What to produce - Lines from the one containing "2014-2015鲁教版初中化学《第二单元第四节元素》课时提升作业及答案解析" through the end of the material are to be retyped exactly; do not copy pictures.

Data extract -
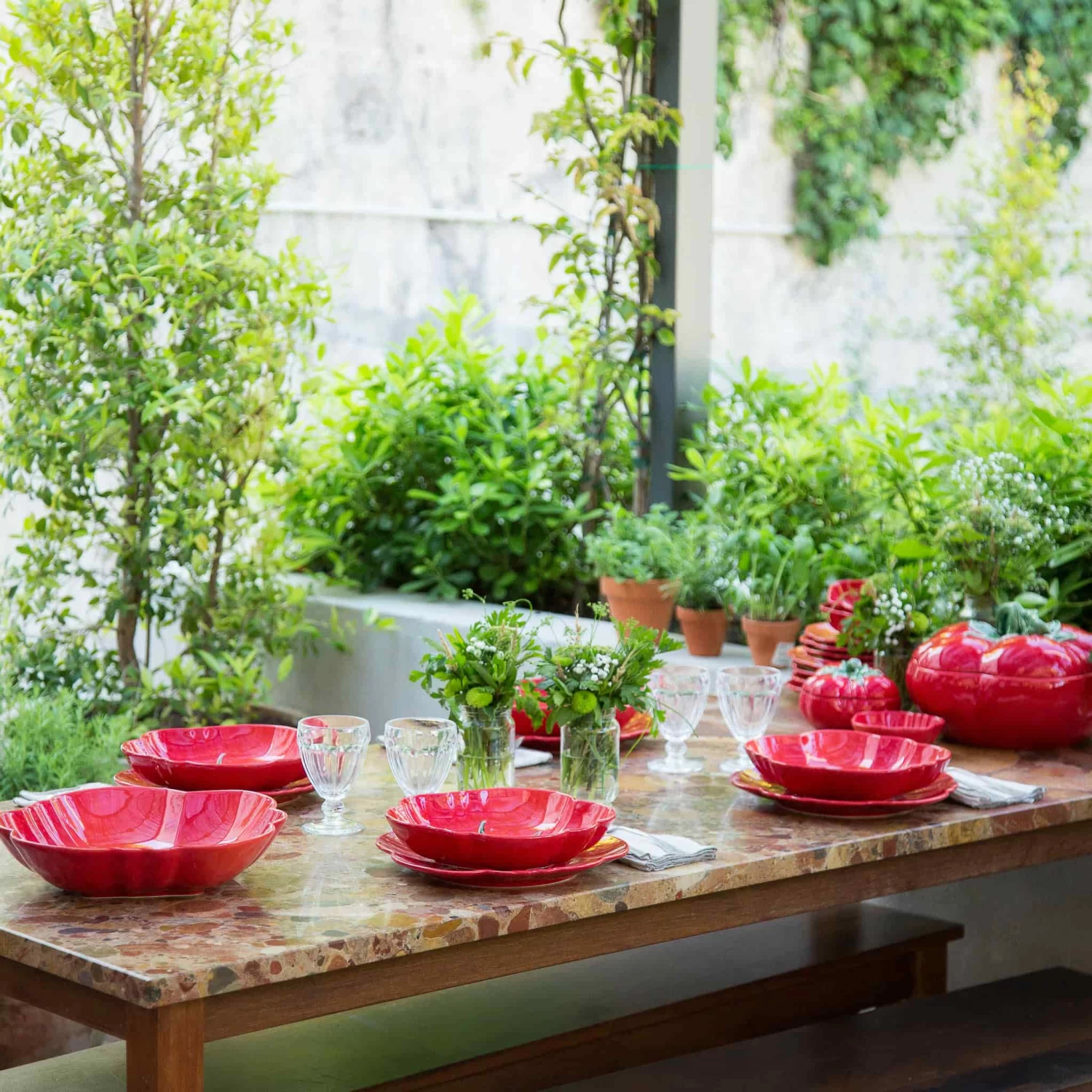 Bordallo Pinheiro’s tomato pasta plate is a colourful way to serve your favourite pomodoro dishes. Made from earthenware, this vibrant red plate has a delicate frilly edge and green leaf-inspired design. Fill this bowl with a simple San Marzano tomato spaghetti, rich beef ragu or beetroot ravioli.
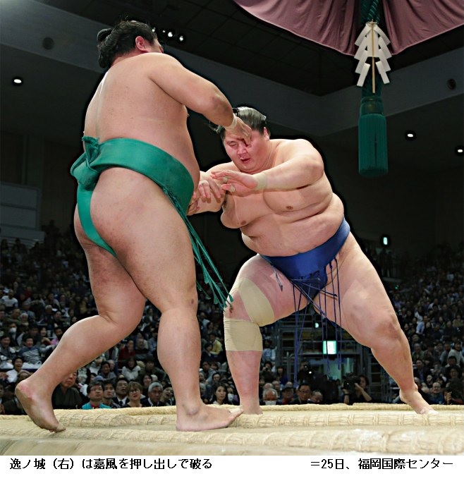 大翔丸に逸ノ城は大翔丸が押し出しで勝ちました。逸ノ城は2敗目です。
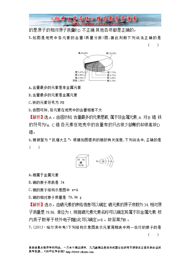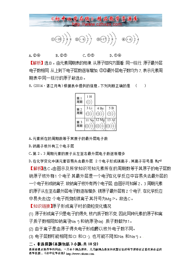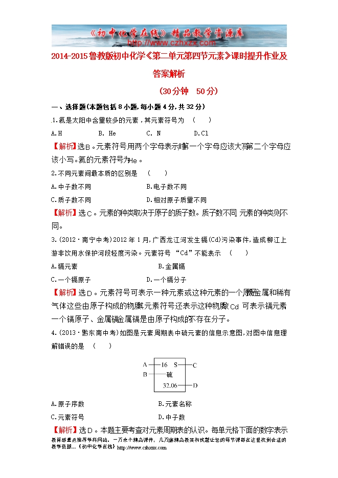 2014-2015鲁教版初中化学《第二单元第四节元素》课时提升作业及答案解析
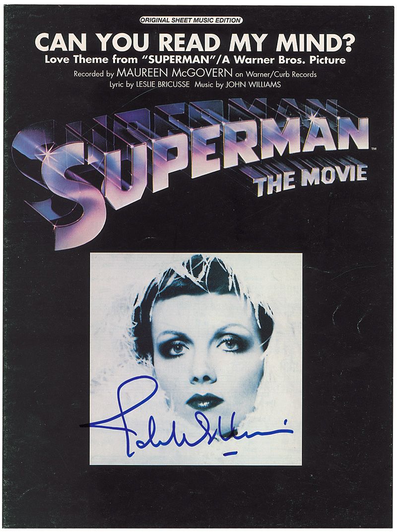 Sheet music to ‘Can You Read My Mind?,’ the Love Theme from Superman, 9 x 12, four pages, signed on the front cover in blue felt tip by Williams. In fine condition, with a few scattered minor creases.

Reply -
 2014-2015鲁教版初中化学《第二单元第四节元素》课时提升作业及答案解析
 Sheet music to ‘Can You Read My Mind?,’ the Love Theme from Superman, 9 x 12, four pages, signed on the front cover in blue felt tip by Williams. In fine condition, with a few scattered minor creases.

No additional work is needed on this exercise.